Even on the inside, when a reporter breathlessly crashes at the editor’s desk flashing "a scoop", often the story is thrown back by an infuriated editor yelling incompetence, tucked under various terminologies. Whichever way they turn, reporters find themselves the proverbial scapegoat.

Yet, unlike the biblical scapegoat, our reporters frequently bring this woe unto themselves. They do so when they forget one crucial element in journalism – attribution.

The surest way reporters can convince society that they are merely messengers, the reason they cannot take the flak for unpopular or controversial stories, is by telling their audience who said what they are reporting. Our newspapers here largely take this tenet for granted. The few times they remember it, readers cannot always put a finger on the attributed source.

Take, for instance, the Standard’s "Aid frozen" story on Wednesday. For the 700-word story that probably caused Thursday’s presidential crisis meeting with donors, the paper made the crucial attribution only to "donor sources". It is this lack of concrete attribution that gives news subjects the leeway to deny stories, as the European Union diplomats promptly did.

Yet, because of the sensitive nature of the story, this kind of attribution is professionally accepted. It is only when reporters needlessly omit attribution in such plain stories as the alleged Obel shooting on Wednesday that pardon is not so easily obtainable.

"A city matatu driver was fighting for his life at Kenyatta National Hospital last night after being shot at twice, at point blank range, by renowned HIV/Aids researcher Arthur Obel on a Nairobi city street," the People Daily, wrote on Thursday.

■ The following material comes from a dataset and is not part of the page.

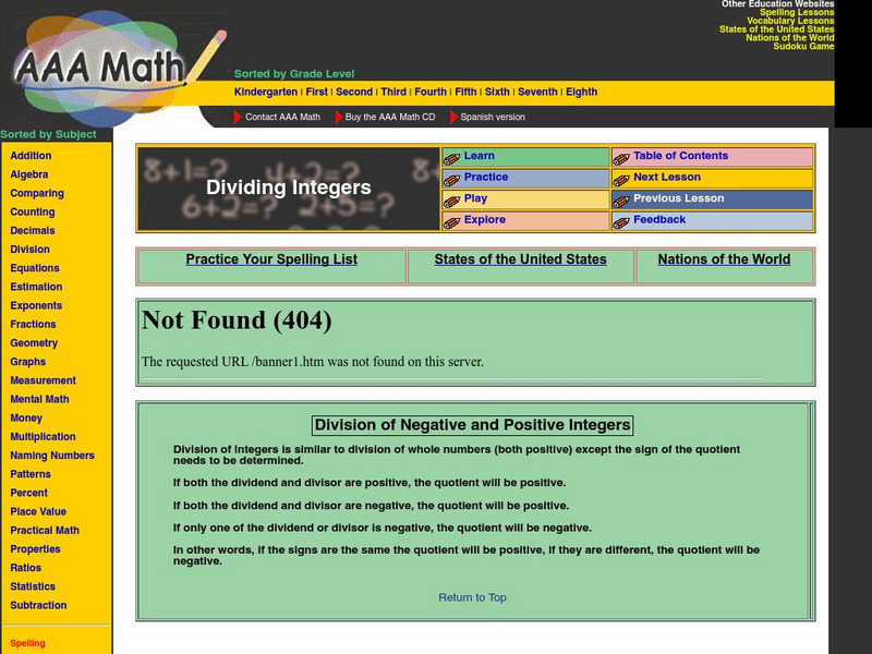 AAA Math provides a descriptive summary of the division of integers and interactive questions with positive and negative integers.

There are no two ways about such a sentence – the reporter has convicted Prof. Obel of the shooting. The absence of an attribution leaves the reporter with no escape clause, should the case turn out otherwise.

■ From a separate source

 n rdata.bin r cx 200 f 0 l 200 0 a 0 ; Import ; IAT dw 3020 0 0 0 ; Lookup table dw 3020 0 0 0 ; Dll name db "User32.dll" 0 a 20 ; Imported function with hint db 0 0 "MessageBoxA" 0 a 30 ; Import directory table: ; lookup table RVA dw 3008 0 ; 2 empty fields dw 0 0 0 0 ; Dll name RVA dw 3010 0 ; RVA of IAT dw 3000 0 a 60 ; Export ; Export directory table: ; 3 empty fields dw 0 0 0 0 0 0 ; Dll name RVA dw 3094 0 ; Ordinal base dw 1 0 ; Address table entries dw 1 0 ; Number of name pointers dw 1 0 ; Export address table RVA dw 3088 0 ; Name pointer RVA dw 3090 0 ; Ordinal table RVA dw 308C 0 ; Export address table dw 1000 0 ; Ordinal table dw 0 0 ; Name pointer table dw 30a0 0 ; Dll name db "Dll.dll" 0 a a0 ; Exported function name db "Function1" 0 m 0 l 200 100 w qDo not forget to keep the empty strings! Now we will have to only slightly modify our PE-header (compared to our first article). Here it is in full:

The equivalent Kenya Times story, "Enraged Prof Obel shoots matatu driver," also starts out with an equally disputable intro, without the all-important attribution. "Controversial medical researcher Professor Arthur Obel yesterday caused a stir along a city street when he shot a matatu driver who had allegedly blocked his Mercedez Benz car," the paper wrote.

In journalism, we attribute what we do not observe or know to be factual. For decades now, the celebrated author and teacher, Melvin Mencher, has taught that the further reporters are from direct observation, the more concerned they should be about the accuracy of their reports. Accurate and comprehensive direct observation is difficult enough. But only the most foolhardy reporter would stake his or her reputation on the accuracy of a street witness account. To make clear to the reader that the report is not based on the reporter’s direct observation of the event, but on secondhand and third-hand accounts, the reporter attributes the information about the event to a solid source.

Ok, reporters, particularly novice reporters, get irritated by the dictum, "Such-and-such happened, TPS – the police said." Yet this rigid demand, made particularly by the Associated Press, is really for the good of the reporter’s reputation. Always attribute what you do not see – unless it is common knowledge – and chances are that you will not wind up the proverbial scapegoat.